Saved data entries
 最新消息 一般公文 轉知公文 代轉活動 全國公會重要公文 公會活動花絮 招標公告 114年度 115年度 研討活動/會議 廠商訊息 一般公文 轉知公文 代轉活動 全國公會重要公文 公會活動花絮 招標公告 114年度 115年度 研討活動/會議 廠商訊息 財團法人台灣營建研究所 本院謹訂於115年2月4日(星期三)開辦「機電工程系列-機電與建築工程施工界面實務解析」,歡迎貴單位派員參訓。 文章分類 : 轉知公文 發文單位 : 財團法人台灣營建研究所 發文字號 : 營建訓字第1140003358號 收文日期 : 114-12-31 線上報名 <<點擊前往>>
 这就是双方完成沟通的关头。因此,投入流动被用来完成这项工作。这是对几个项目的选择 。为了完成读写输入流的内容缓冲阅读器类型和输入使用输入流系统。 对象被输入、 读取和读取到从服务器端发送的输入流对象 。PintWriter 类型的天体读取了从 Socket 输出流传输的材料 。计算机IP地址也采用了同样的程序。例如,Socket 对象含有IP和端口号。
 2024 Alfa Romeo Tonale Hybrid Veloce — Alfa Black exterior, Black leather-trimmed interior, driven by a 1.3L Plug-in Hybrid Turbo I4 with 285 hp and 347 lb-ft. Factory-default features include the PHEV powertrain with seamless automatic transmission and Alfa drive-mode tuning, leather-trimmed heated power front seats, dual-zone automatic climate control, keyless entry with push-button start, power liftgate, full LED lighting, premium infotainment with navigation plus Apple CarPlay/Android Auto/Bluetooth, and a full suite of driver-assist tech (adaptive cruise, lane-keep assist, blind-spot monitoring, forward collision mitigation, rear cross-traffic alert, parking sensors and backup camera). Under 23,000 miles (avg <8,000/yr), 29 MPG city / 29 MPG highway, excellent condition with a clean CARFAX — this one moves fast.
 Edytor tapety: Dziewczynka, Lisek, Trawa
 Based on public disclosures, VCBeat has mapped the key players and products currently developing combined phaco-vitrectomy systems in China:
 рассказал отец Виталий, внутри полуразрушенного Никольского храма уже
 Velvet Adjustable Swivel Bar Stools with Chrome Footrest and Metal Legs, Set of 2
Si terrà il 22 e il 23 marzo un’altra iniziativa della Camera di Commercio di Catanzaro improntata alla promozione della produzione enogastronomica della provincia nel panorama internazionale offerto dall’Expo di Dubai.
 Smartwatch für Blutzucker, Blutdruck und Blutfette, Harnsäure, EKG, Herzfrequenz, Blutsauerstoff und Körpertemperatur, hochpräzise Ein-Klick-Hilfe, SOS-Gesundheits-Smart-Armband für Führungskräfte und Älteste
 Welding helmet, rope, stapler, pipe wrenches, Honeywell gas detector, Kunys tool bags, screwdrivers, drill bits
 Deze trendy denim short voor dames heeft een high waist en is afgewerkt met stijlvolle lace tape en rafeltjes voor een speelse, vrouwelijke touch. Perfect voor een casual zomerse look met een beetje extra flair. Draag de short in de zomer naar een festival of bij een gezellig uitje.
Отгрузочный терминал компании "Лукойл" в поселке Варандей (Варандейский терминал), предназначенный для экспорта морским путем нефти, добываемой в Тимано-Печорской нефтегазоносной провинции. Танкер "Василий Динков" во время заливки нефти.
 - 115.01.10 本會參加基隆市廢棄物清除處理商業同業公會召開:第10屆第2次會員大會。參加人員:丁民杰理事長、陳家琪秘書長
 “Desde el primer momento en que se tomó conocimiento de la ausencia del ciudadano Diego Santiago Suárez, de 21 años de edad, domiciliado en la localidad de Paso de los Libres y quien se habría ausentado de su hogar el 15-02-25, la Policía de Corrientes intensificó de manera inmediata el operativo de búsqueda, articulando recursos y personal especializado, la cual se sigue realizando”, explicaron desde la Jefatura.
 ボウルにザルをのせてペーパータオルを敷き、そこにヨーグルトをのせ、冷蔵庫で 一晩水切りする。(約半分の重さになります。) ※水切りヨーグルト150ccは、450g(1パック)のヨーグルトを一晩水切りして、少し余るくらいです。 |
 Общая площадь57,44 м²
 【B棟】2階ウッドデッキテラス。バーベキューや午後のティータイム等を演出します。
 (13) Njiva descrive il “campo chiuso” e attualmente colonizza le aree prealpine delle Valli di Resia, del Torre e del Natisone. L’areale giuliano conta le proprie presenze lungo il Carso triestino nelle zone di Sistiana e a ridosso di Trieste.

Task instructions |
Reproduce each record exactly as written above.

Task response |
 最新消息 一般公文 轉知公文 代轉活動 全國公會重要公文 公會活動花絮 招標公告 114年度 115年度 研討活動/會議 廠商訊息 一般公文 轉知公文 代轉活動 全國公會重要公文 公會活動花絮 招標公告 114年度 115年度 研討活動/會議 廠商訊息 財團法人台灣營建研究所 本院謹訂於115年2月4日(星期三)開辦「機電工程系列-機電與建築工程施工界面實務解析」,歡迎貴單位派員參訓。 文章分類 : 轉知公文 發文單位 : 財團法人台灣營建研究所 發文字號 : 營建訓字第1140003358號 收文日期 : 114-12-31 線上報名 <<點擊前往>>
 这就是双方完成沟通的关头。因此,投入流动被用来完成这项工作。这是对几个项目的选择 。为了完成读写输入流的内容缓冲阅读器类型和输入使用输入流系统。 对象被输入、 读取和读取到从服务器端发送的输入流对象 。PintWriter 类型的天体读取了从 Socket 输出流传输的材料 。计算机IP地址也采用了同样的程序。例如,Socket 对象含有IP和端口号。
 2024 Alfa Romeo Tonale Hybrid Veloce — Alfa Black exterior, Black leather-trimmed interior, driven by a 1.3L Plug-in Hybrid Turbo I4 with 285 hp and 347 lb-ft. Factory-default features include the PHEV powertrain with seamless automatic transmission and Alfa drive-mode tuning, leather-trimmed heated power front seats, dual-zone automatic climate control, keyless entry with push-button start, power liftgate, full LED lighting, premium infotainment with navigation plus Apple CarPlay/Android Auto/Bluetooth, and a full suite of driver-assist tech (adaptive cruise, lane-keep assist, blind-spot monitoring, forward collision mitigation, rear cross-traffic alert, parking sensors and backup camera). Under 23,000 miles (avg <8,000/yr), 29 MPG city / 29 MPG highway, excellent condition with a clean CARFAX — this one moves fast.
 Edytor tapety: Dziewczynka, Lisek, Trawa
 Based on public disclosures, VCBeat has mapped the key players and products currently developing combined phaco-vitrectomy systems in China:
 рассказал отец Виталий, внутри полуразрушенного Никольского храма уже
 Velvet Adjustable Swivel Bar Stools with Chrome Footrest and Metal Legs, Set of 2
Si terrà il 22 e il 23 marzo un’altra iniziativa della Camera di Commercio di Catanzaro improntata alla promozione della produzione enogastronomica della provincia nel panorama internazionale offerto dall’Expo di Dubai.
 Smartwatch für Blutzucker, Blutdruck und Blutfette, Harnsäure, EKG, Herzfrequenz, Blutsauerstoff und Körpertemperatur, hochpräzise Ein-Klick-Hilfe, SOS-Gesundheits-Smart-Armband für Führungskräfte und Älteste
 Welding helmet, rope, stapler, pipe wrenches, Honeywell gas detector, Kunys tool bags, screwdrivers, drill bits
 Deze trendy denim short voor dames heeft een high waist en is afgewerkt met stijlvolle lace tape en rafeltjes voor een speelse, vrouwelijke touch. Perfect voor een casual zomerse look met een beetje extra flair. Draag de short in de zomer naar een festival of bij een gezellig uitje.
Отгрузочный терминал компании "Лукойл" в поселке Варандей (Варандейский терминал), предназначенный для экспорта морским путем нефти, добываемой в Тимано-Печорской нефтегазоносной провинции. Танкер "Василий Динков" во время заливки нефти.
 - 115.01.10 本會參加基隆市廢棄物清除處理商業同業公會召開:第10屆第2次會員大會。參加人員:丁民杰理事長、陳家琪秘書長
 “Desde el primer momento en que se tomó conocimiento de la ausencia del ciudadano Diego Santiago Suárez, de 21 años de edad, domiciliado en la localidad de Paso de los Libres y quien se habría ausentado de su hogar el 15-02-25, la Policía de Corrientes intensificó de manera inmediata el operativo de búsqueda, articulando recursos y personal especializado, la cual se sigue realizando”, explicaron desde la Jefatura.
 ボウルにザルをのせてペーパータオルを敷き、そこにヨーグルトをのせ、冷蔵庫で 一晩水切りする。(約半分の重さになります。) ※水切りヨーグルト150ccは、450g(1パック)のヨーグルトを一晩水切りして、少し余るくらいです。 |
 Общая площадь57,44 м²
 【B棟】2階ウッドデッキテラス。バーベキューや午後のティータイム等を演出します。
 (13) Njiva descrive il “campo chiuso” e attualmente colonizza le aree prealpine delle Valli di Resia, del Torre e del Natisone. L’areale giuliano conta le proprie presenze lungo il Carso triestino nelle zone di Sistiana e a ridosso di Trieste.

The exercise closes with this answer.